Andrea Sempio, l’unico indagato per l’omicidio di Chiara Poggi, ha recentemente rilasciato un’intervista durante la trasmissione ‘Quarto Grado’ su Retequattro, dove ha affrontato varie questioni legate al suo caso. Sempio ha dichiarato che non esiste alcun segreto che l’avvocato Lovati possa rivelare su di lui, sottolineando il suo rispetto e affetto nei confronti del legale, con cui collabora da oltre dieci anni. Ha espresso la sua frustrazione riguardo alla copertura mediatica del caso, affermando che le falsità diffuse dai media sono la parte più pesante da affrontare.
Le dichiarazioni di Sempio sul testimone
Sempio ha commentato anche la questione di un testimone che avrebbe affermato di sapere con certezza che uno scontrino non fosse di sua proprietà . “Sono curioso di vedere come lo documenterà , perché è una cosa totalmente falsa”, ha dichiarato. Ha messo in dubbio l’esistenza di questa persona, sostenendo che le notizie circolate siano infondate.
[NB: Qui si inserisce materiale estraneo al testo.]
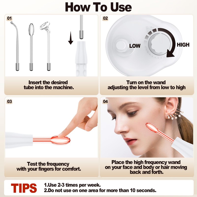 - 【4 Versatile Attachments】The high frequency facial wand comes with 4 purple attachments: the mushroom tube (for larger areas), the comb tube (to support hair growth), the tongue tube (for treatment under the eyes) and the bending tube (for the nose area). Combine them with your favourite skin care products to improve absorption and effectiveness!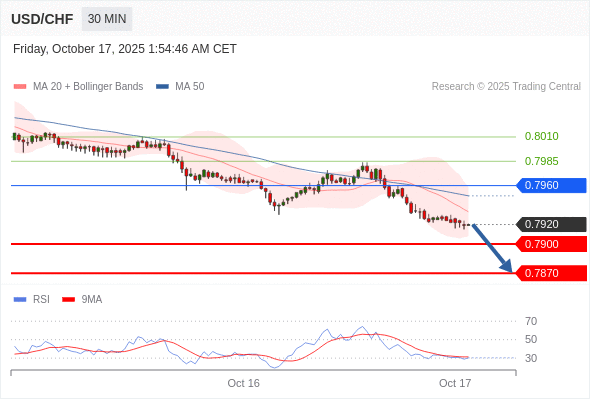 在 0.7960 之下,看跌,目标价位为 0.7900 ,然后为 0.7870 。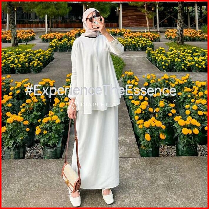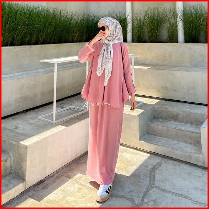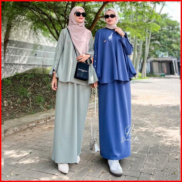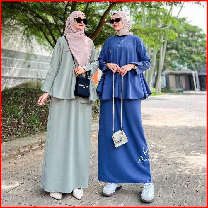 Clareeta Set Rok Top Peplum Knit Waffle Lengan Variasi Kancing Busui Friendly Wudhu Friendly By Diarletta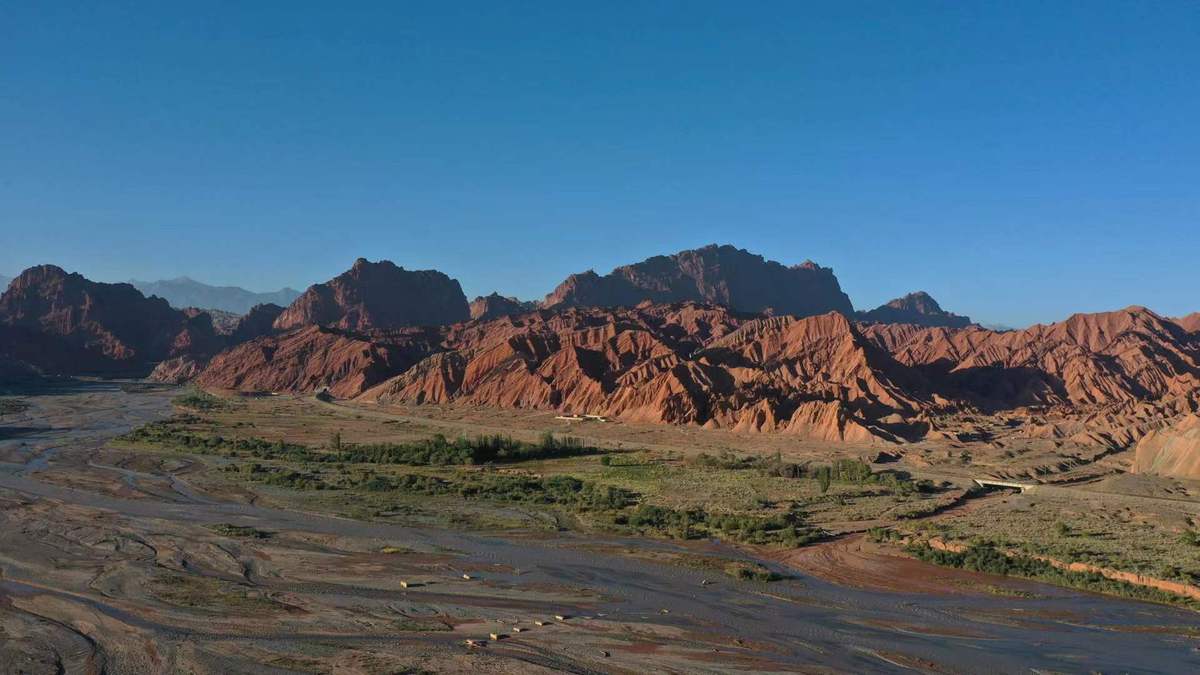 情急之下,笔者致电吴总,吴总拿到笔者的定位后,立马派出救援车。大半个小时后(新疆实在太大,救援需时),救援车到了,本来想用绳子拖我的车进服务区加油,但我的车一点动力也没有,绳子立马断掉。只能用桶装油先为我的车添油,然后再开车到那拉提市内加油(因为那拉提服务区的油站原来还在建,没油供应),尚幸这次能顺利刷出身份证资料,我才能在当天再入山上独库公路,并航拍到库车附近的大拐弯、湖泊和红山石林。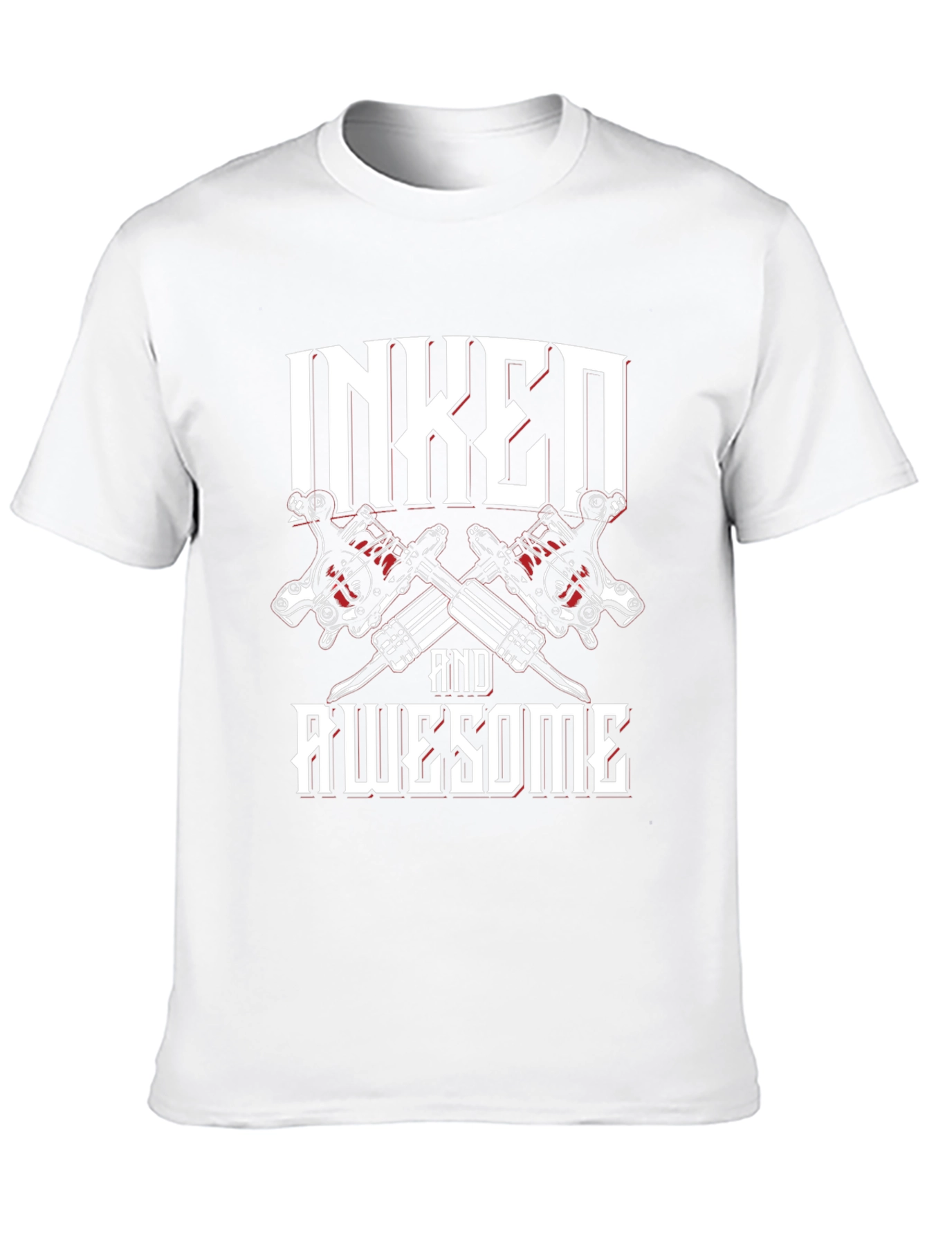 Show off your love for tattoos with this stylish black t-shirt. Featuring a bold "Inked and Awesome" graphic with tattoo gun imagery, this shirt is perfect for tattoo enthusiasts. The design is prominently displayed on a classic black tee, making it a great conversation starter. Made from comfortable material, this shirt is ideal for everyday wear or as a statement piece at tattoo conventions and events. Let everyone know you are proud to be inked!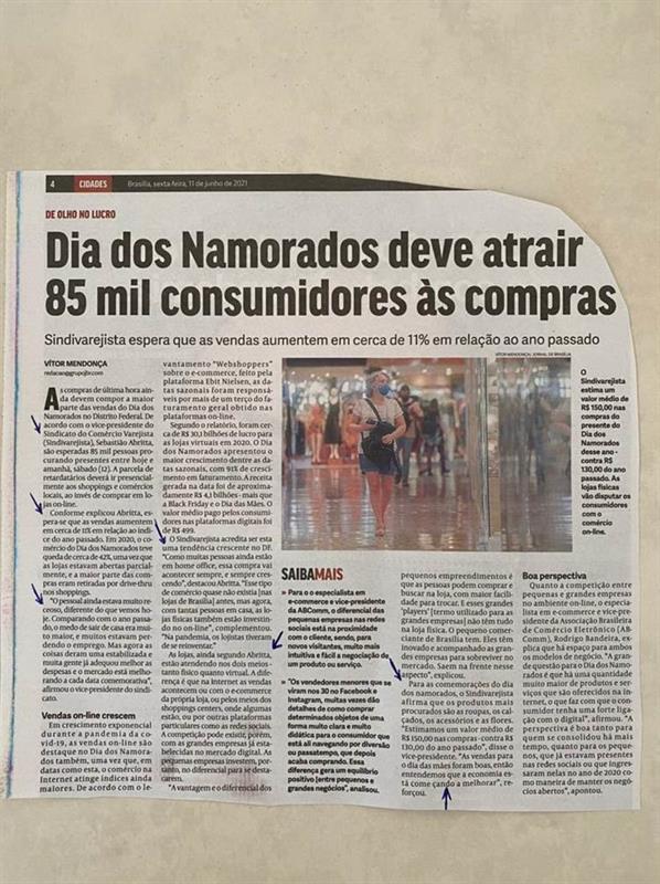 Matéria sobre sobre o dia dos namorados com entrevista do vice-presidente do Sindivarejista, Sebastião Abritta.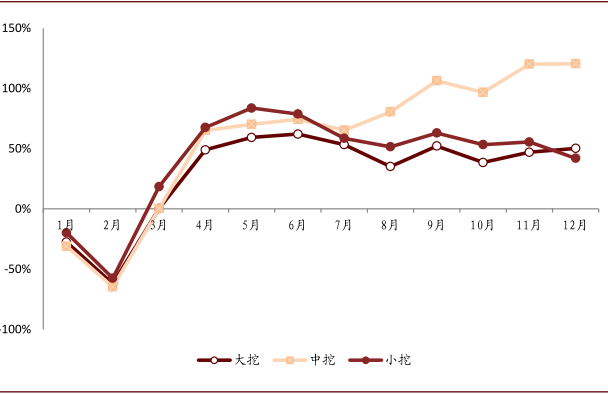 图表: 2020年1-12月国内挖机分吨位销量增速

Riguardo alla presenza di due scontrini, ha spiegato che il 14 agosto si trovava nella piazza per un motivo specifico, e non per raccogliere un scontrino. Ha aggiunto di non ricordare di essere tornato in quel luogo e ha citato un audio del 2017 in cui menzionava di essere andato sia il 13 che il 14 agosto, evidenziando che non poteva sapere che quelle informazioni sarebbero state rilevanti anni dopo.
Le accuse di corruzione e confusione familiare
Sempio ha affrontato anche le accuse di corruzione nei confronti del magistrato, definendole prive di senso. Ha spiegato che non avrebbe avuto senso corrompere un magistrato che non aveva il potere di decidere su un’archiviazione. Riguardo a un’intervista in cui suo padre, Giuseppe, ha confuso le cifre relative a spese e prelievi, Sempio ha difeso la memoria del genitore, affermando che la confusione può verificarsi in situazioni di stress come un interrogatorio. Ha sottolineato che, durante le perquisizioni, è stato trovato un foglietto con annotazioni sulle spese legali, il che dimostrerebbe che il padre ha sempre tenuto traccia delle cifre in modo preciso.
Le nuove consulenze e le impronte
Un altro argomento di discussione è stata una consulenza legata a un’impronta di scarpa di misura 44, che corrisponderebbe al numero di scarpa di Sempio, rinvenuta nella villetta di Via Pascoli, dove Chiara Poggi è stata uccisa. Sempio ha espresso scetticismo riguardo alla tempistica di questa scoperta, chiedendosi perché non fosse stata menzionata nei precedenti processi. Ha anche messo in discussione l’affidabilità delle analisi del DNA, che ora si afferma siano leggibili, mentre in passato non lo erano. Ha concluso affermando di non essere coinvolto nel delitto e di dover affrontare la situazione attuale con pazienza, mentre il procedimento legale continua il suo corso.